MHP Genel Başkanı Devlet Bahçeli, konuşmasını şu sözlerle sürdürdü:
“Hareket tökezlerse Ülkücü heyecanını kaybederse hayat duracak, hilal vatanın semalarından inecektir. Allah’ın izniyle bu da olmayacak bir şeydir. Üzerimizde oynanan oyunları bozmak; hareketimize çelme takmak isteyen, duygusal hassasiyetleri kaşıyıp felaket tellallığı yapanlara kapalı durmak birlikte başaracağımız bir konudur. Milliyetçi-Ülkücü Hareket her zamankinden daha fazla birbirine kenetlenmelidir. Badireleri arzuyla, cesaretle, emin ve yerinde kararlarla aşacağımızdan kimsenin şüphesi olmamalıdır. Milliyetçiliğe kulp takma ve kara çalma yarışına girenlerin tercih ettikleri yöntem ve vasıtalar devlet ve milleti acıklı, sancılı, oldukça da kanlı bir parçalanmaya götürmektedir. Bizim yok oluşuna seyirci kalacağımız ne bir vatan, ne de bir millet vardır… Milliyetçilerin kafa karışıklığı yaşaması zalim ve hainlerin elini rahatlatacak, önlerini açacaktır. Türkiye benzerlerine Soğuk Savaş yıllarında rastlanan demir bir perdeyle, yurdumuzu baştan ayağa saran sanal bir duvarla ortadan ikiye ayrılabilecektir. Gidişat ne üzüncüdür ki bu yöndedir.”
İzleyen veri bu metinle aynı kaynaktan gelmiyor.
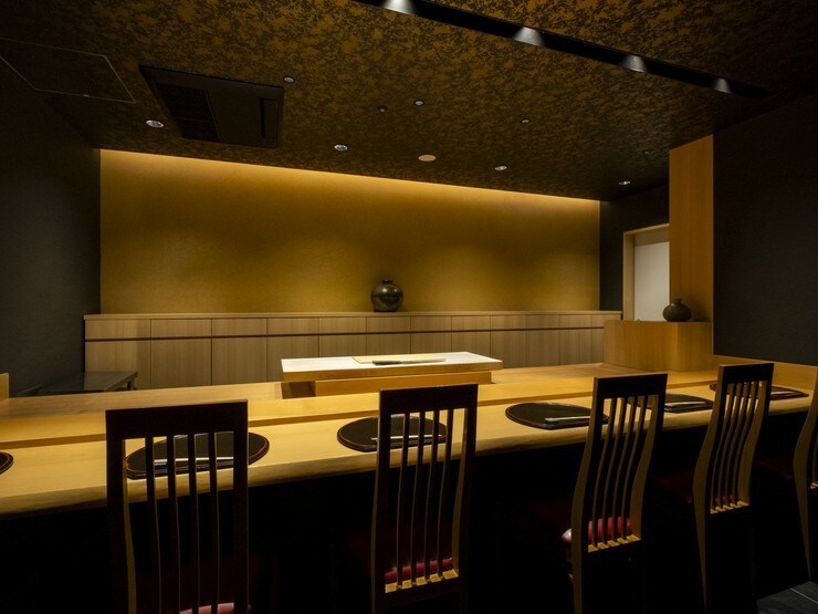 黒を基調とした店内は、ダウンライトがオシャレな雰囲気です。全6席のカウンター席のほか、テーブル席や個室も用意されているので、一人旅でもグループ旅行でも利用できます。店主が選んだ北陸のお酒などのドリンク類も豊富で、こだわりのお酒とのペアリングが楽しめます。シックでラグジュアリーな空間で、ゆったりとした大人の贅沢な時間を過ごしてみてはいかがですか。

MHP’NİN OLAĞAN KURULTAYI 18 MART 2018’DE YAPILACAK”
Devlet Bahçeli, Kızılcahamam’da yapılan toplantılarda 12. Olağan Kongre sürecinin 9 Ekim 2016’da başlaması kararını aldıklarını belirterek konuyla ilgili tartışmalara son noktayı koydu.
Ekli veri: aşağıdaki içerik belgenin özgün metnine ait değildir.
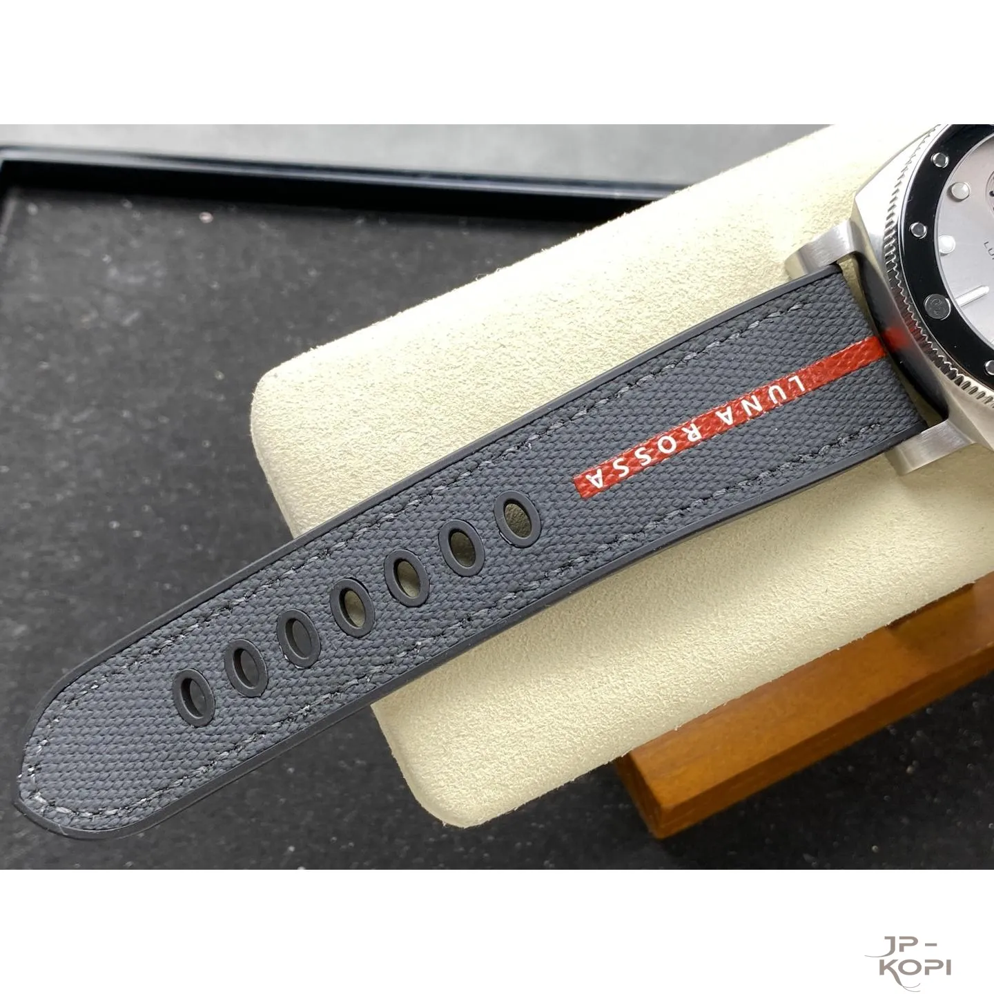 ストラップには、ルナ・ロッサ仕様のラバー&テキスタイル複合素材を採用し、スポーティかつエレガントな仕上がりとなっています。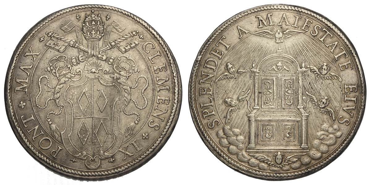 Roma, Clemente IX (1667-1669), Piastra, RR Ag mm 43,5 g 31,95 q.SPL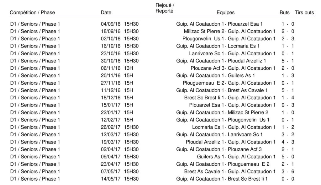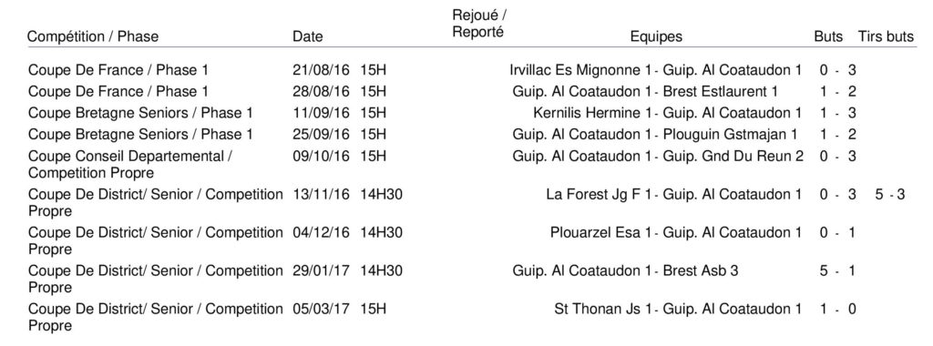 | LES MATCHS JOUÉS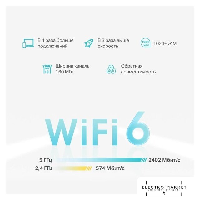 802.11ax (Wi-Fi 6), 2.4 ГГц/5 ГГц, до 6600 Mbps, WAN, 4xGigabit LAN, 1x2.5 Gigabit LAN, 1xUSB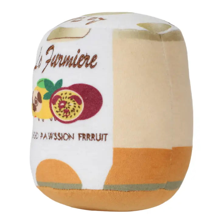 The La Furmiere is a charming plush yogurt parody toy for small to medium breeds. Made with soft fabric, embroidery, and a hidden squeaker, it measures 5"x4"x4" and is perfect for fetching, chewing, or cuddling. Lightweight and durable, it adds playful fun to any toy collection. An ideal gift for pups who love style with their playtime.

Bahçeli, “Lüzumsuz bir şekilde 69 günden bu yana kamuoyunda sürdürülen tartışmalara son vermek, bazı çevrelerin bu hakkı kullanma yolundaki tahrik ve teşvikiyle yanlış yola sürüklenmeleri önlemek için partimiz bu kararı almıştır. Bu, Tüzük’e uygun bir karardır. MHP’nin kongre tarihi, 18 Mart 2018’dir. Ondan öncesi bizi ilgilendiren bir konu değildir. İmzayı kim ne kadar toplarsa toplasın, müracaatları hâlinde kabulü mümkün olmayacak. Yasal haklarını kullanma yolu da açık olacaktır. Onun için önümüzdeki günlerde bizimle değil mahkemelerle haklarını savunmalarını tavsiye ederiz.” dedi.